→ EXERCISE MATERIALS
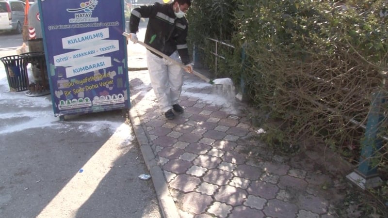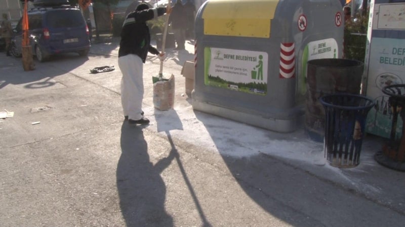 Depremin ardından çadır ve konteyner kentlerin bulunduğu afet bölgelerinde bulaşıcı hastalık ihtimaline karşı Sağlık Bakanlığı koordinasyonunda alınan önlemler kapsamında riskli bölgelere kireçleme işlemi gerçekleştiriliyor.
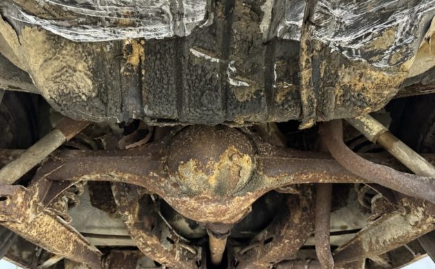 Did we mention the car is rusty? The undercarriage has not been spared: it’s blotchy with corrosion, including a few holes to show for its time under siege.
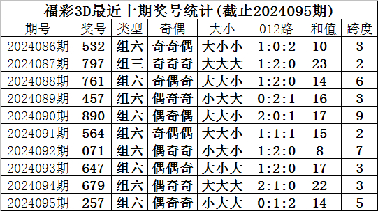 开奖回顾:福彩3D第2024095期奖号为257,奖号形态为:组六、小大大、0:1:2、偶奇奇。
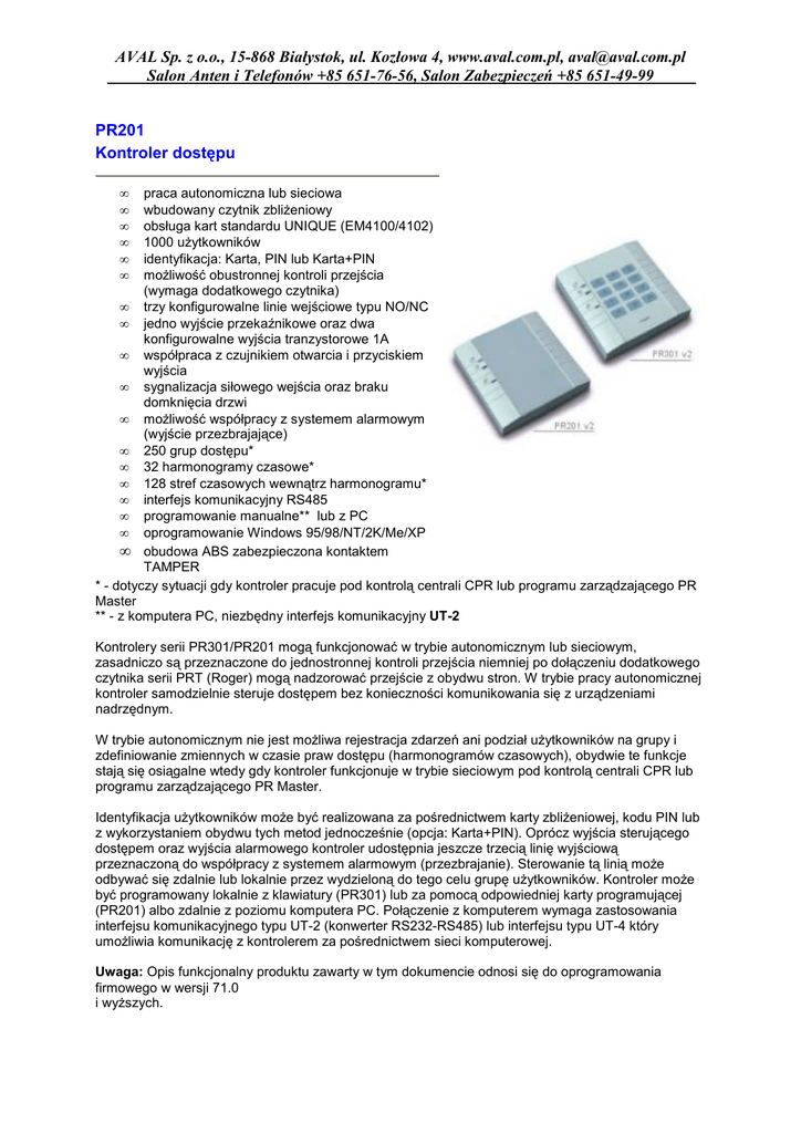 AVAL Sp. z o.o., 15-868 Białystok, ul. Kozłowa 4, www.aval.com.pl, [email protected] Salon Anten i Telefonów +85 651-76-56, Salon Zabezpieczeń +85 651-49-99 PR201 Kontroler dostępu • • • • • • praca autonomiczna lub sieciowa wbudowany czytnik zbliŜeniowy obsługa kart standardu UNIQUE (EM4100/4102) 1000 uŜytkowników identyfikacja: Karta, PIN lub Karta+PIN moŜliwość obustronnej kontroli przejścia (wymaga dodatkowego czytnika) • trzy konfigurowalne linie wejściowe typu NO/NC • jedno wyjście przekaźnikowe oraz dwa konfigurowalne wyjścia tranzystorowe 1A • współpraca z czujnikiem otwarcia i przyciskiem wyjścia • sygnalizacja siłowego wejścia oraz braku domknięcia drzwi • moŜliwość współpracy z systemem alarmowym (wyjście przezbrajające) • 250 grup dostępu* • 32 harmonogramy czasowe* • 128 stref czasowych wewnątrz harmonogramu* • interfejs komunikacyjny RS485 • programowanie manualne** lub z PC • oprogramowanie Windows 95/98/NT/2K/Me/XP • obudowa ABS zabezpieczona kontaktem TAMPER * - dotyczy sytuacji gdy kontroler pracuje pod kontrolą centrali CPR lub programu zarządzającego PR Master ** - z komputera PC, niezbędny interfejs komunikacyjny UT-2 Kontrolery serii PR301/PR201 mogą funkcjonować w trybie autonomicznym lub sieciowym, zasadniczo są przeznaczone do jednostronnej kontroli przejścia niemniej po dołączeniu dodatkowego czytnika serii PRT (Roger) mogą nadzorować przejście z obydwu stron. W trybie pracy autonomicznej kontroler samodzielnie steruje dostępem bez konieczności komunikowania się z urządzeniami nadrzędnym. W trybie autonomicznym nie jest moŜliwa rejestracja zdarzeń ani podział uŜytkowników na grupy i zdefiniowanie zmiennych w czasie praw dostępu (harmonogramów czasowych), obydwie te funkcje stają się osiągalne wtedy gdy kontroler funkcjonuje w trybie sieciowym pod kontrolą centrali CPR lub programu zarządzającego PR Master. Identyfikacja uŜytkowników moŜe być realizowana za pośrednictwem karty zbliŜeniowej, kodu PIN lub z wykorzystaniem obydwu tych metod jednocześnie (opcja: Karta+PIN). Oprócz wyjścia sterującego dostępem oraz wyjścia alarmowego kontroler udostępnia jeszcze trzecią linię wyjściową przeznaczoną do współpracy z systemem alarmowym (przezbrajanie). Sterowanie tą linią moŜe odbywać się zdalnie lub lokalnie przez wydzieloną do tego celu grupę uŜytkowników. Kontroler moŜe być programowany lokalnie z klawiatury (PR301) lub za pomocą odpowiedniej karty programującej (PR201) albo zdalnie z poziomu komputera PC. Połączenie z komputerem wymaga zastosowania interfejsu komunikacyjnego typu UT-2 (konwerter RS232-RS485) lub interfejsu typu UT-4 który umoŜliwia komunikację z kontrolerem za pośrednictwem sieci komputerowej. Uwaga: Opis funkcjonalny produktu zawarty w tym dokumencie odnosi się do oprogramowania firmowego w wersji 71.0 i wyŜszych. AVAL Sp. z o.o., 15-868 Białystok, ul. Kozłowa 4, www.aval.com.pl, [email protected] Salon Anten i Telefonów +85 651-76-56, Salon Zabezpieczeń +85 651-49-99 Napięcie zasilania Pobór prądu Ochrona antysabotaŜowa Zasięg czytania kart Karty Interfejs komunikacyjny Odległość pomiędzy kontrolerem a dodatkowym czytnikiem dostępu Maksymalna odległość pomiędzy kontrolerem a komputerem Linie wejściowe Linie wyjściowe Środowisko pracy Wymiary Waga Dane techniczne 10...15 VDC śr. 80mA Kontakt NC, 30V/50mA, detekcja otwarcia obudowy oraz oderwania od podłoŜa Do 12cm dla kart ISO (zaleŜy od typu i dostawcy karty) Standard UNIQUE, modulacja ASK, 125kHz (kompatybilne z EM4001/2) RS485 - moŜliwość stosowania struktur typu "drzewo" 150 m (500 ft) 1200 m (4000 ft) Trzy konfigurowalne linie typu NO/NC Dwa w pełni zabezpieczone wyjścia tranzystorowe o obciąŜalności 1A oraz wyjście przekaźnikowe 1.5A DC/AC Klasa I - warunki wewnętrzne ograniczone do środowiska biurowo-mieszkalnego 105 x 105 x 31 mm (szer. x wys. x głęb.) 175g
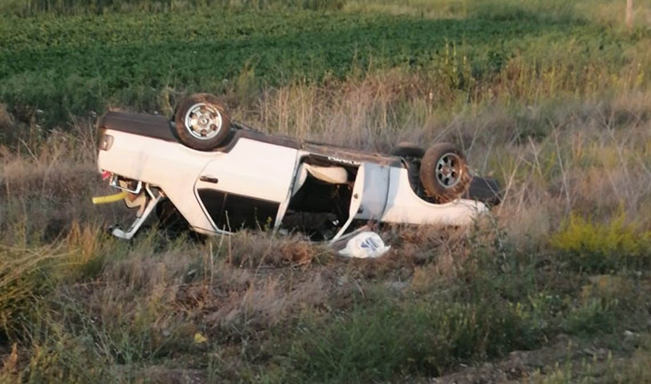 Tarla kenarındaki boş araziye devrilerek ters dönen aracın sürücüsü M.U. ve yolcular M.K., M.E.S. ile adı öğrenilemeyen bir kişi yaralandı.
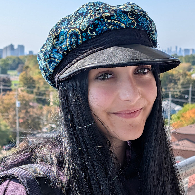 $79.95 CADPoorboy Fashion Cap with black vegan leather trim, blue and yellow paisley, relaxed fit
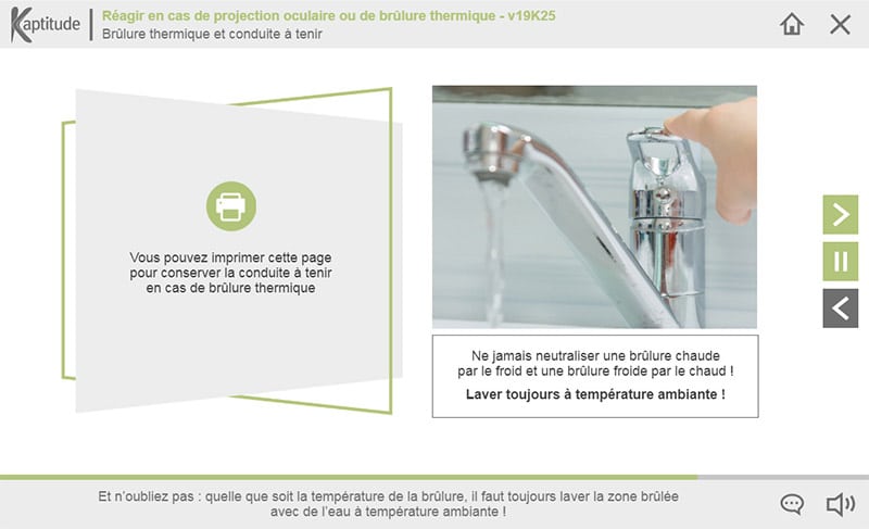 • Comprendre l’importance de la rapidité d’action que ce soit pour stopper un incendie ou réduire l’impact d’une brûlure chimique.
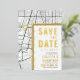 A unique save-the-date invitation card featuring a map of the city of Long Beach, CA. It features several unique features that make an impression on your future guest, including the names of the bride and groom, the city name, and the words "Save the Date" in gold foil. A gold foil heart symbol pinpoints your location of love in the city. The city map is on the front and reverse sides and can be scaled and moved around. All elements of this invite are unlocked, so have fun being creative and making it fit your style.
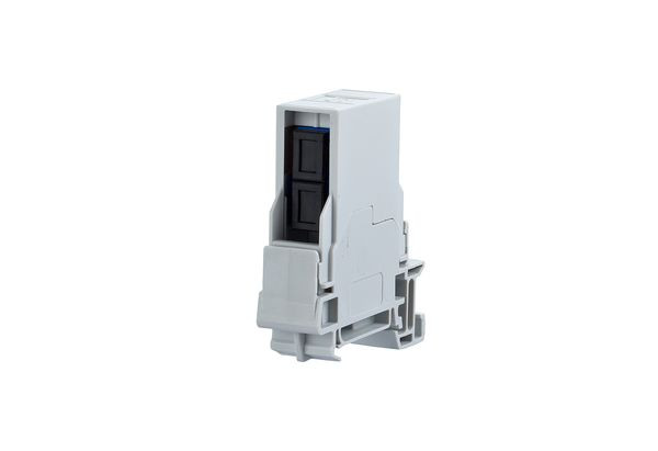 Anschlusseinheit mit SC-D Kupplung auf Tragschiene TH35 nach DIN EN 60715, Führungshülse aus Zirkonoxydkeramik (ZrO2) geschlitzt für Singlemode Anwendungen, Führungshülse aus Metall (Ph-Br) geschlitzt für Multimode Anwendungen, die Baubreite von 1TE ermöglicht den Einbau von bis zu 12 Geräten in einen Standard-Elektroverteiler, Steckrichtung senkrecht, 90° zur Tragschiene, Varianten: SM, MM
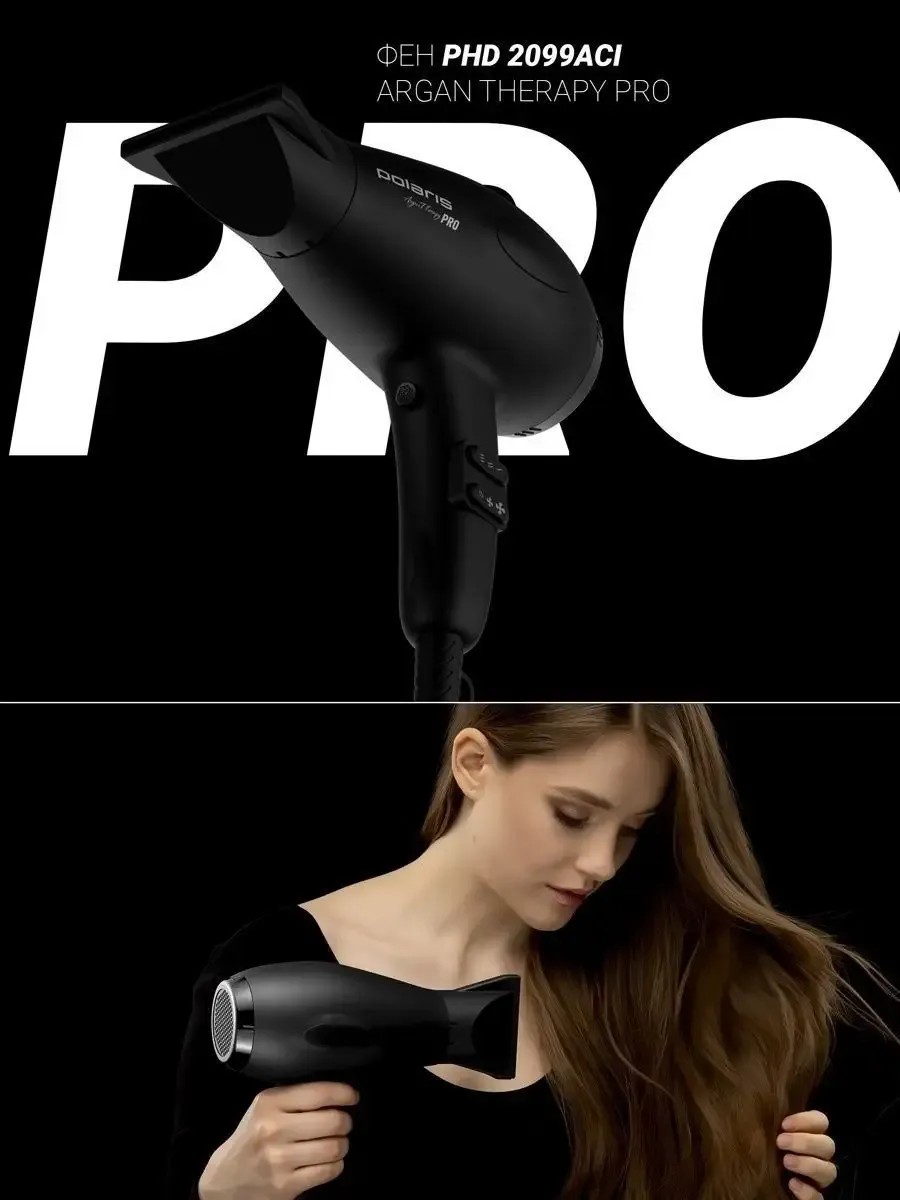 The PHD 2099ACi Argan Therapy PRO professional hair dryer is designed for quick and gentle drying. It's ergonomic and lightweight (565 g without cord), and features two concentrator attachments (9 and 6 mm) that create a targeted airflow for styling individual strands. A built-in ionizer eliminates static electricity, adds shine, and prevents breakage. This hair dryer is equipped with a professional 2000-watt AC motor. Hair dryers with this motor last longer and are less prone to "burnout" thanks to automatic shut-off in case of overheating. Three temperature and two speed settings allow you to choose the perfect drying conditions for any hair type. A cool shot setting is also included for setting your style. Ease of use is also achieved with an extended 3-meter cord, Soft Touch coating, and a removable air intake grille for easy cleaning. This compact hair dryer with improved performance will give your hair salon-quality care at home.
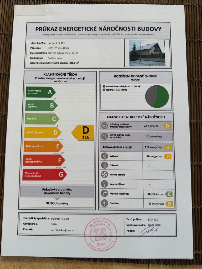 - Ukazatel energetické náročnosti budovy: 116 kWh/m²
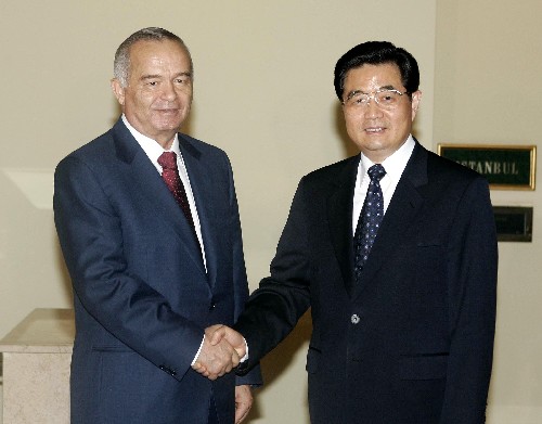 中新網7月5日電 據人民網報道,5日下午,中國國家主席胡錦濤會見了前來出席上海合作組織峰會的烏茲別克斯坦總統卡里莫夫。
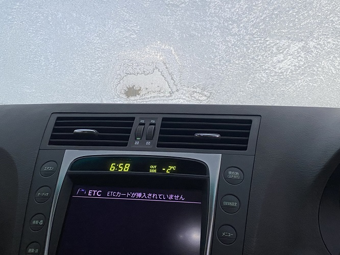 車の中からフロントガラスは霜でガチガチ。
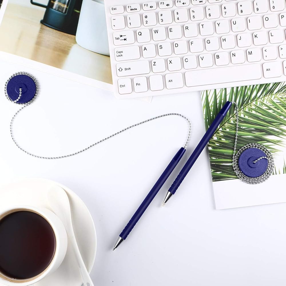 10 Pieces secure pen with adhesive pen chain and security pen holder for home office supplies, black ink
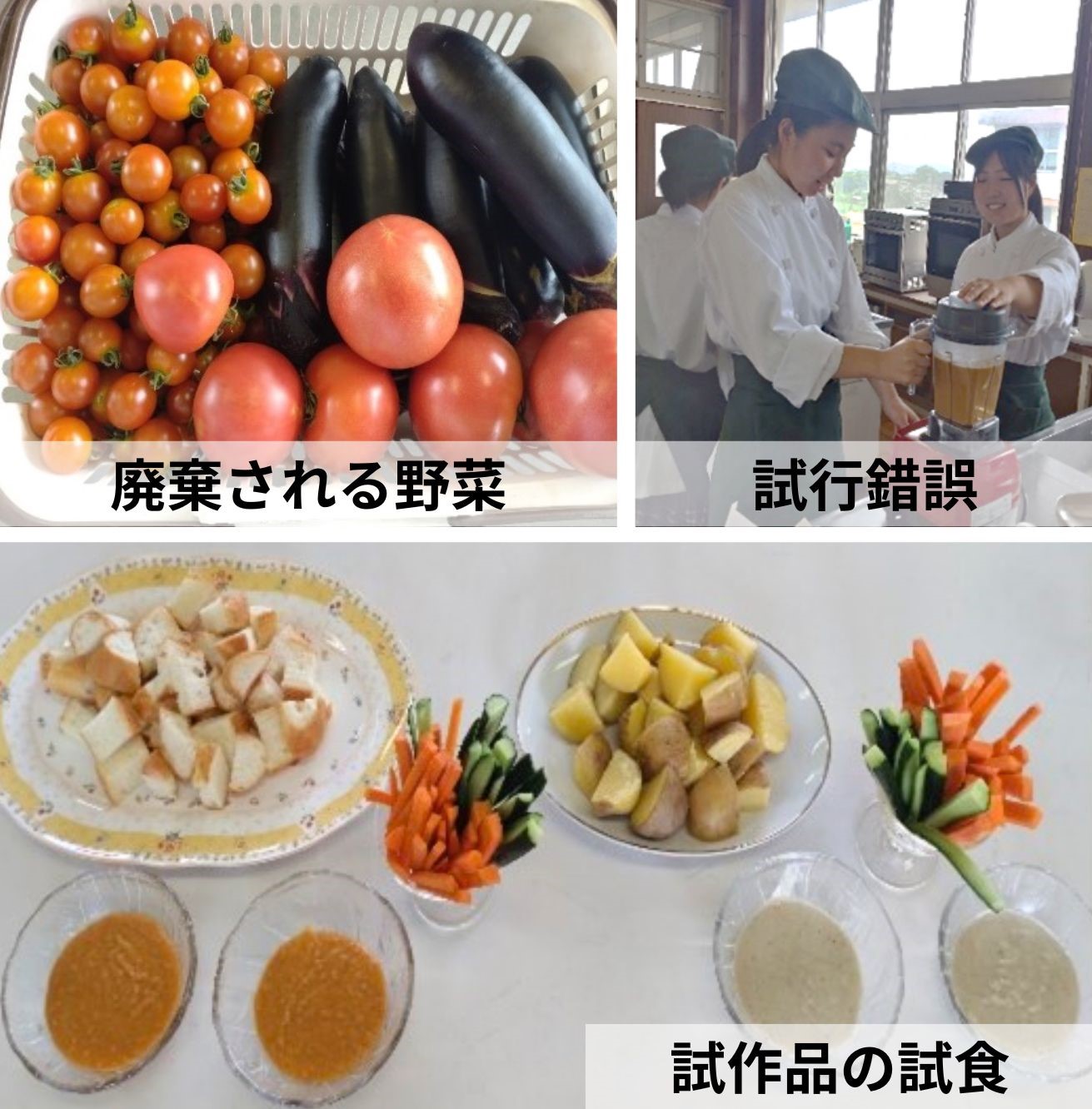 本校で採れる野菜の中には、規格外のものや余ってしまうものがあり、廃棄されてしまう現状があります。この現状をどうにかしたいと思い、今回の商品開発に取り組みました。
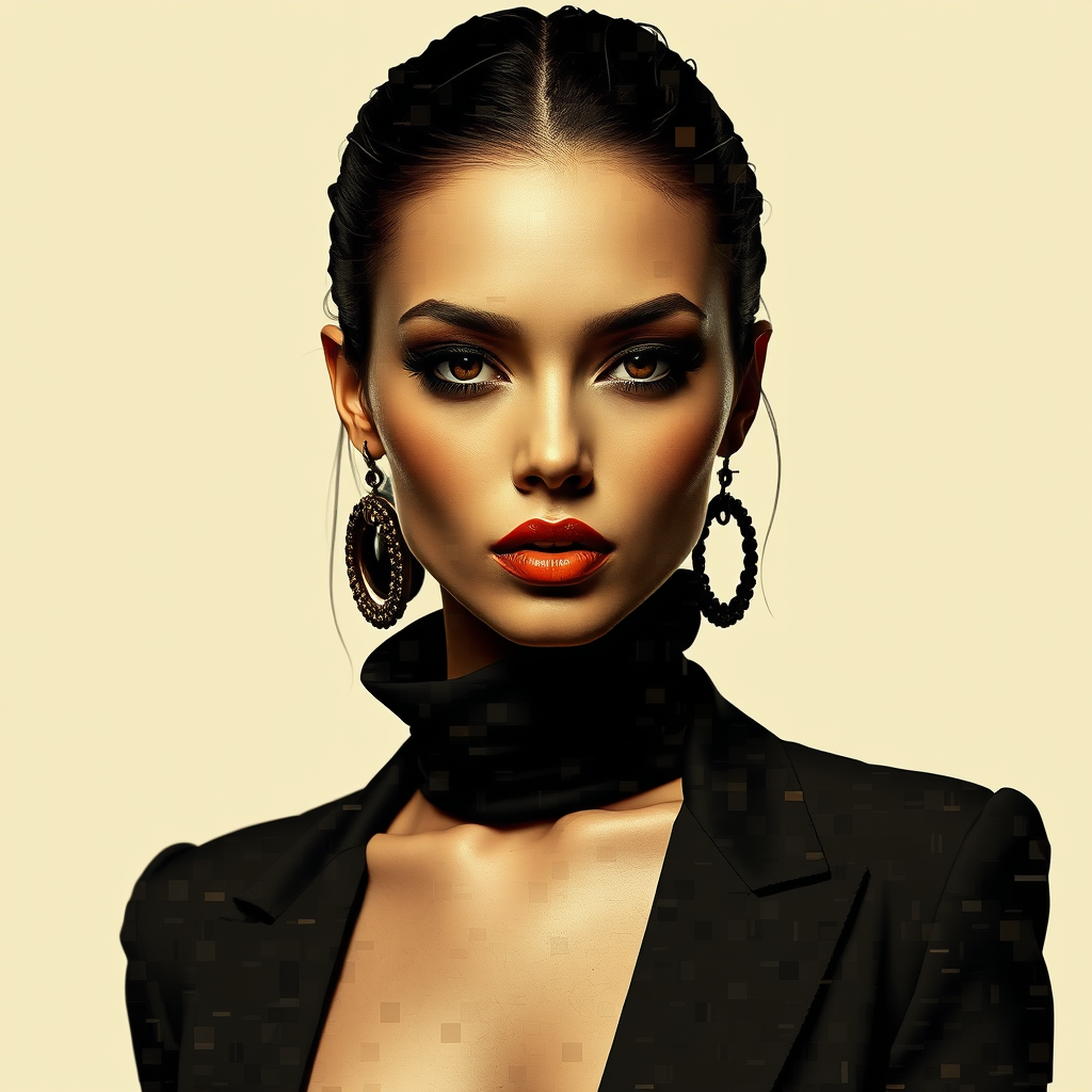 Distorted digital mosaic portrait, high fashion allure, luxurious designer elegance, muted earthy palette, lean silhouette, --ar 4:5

→ WORK INSTRUCTIONS
Pictures are to be dropped; the lines from the start of the entries above through the line with "开奖回顾:福彩3D第2024" are to be given again verbatim.

→ ANSWER TO THE PROBLEM
 Depremin ardından çadır ve konteyner kentlerin bulunduğu afet bölgelerinde bulaşıcı hastalık ihtimaline karşı Sağlık Bakanlığı koordinasyonunda alınan önlemler kapsamında riskli bölgelere kireçleme işlemi gerçekleştiriliyor.
 Did we mention the car is rusty? The undercarriage has not been spared: it’s blotchy with corrosion, including a few holes to show for its time under siege.
 开奖回顾:福彩3D第2024095期奖号为257,奖号形态为:组六、小大大、0:1:2、偶奇奇。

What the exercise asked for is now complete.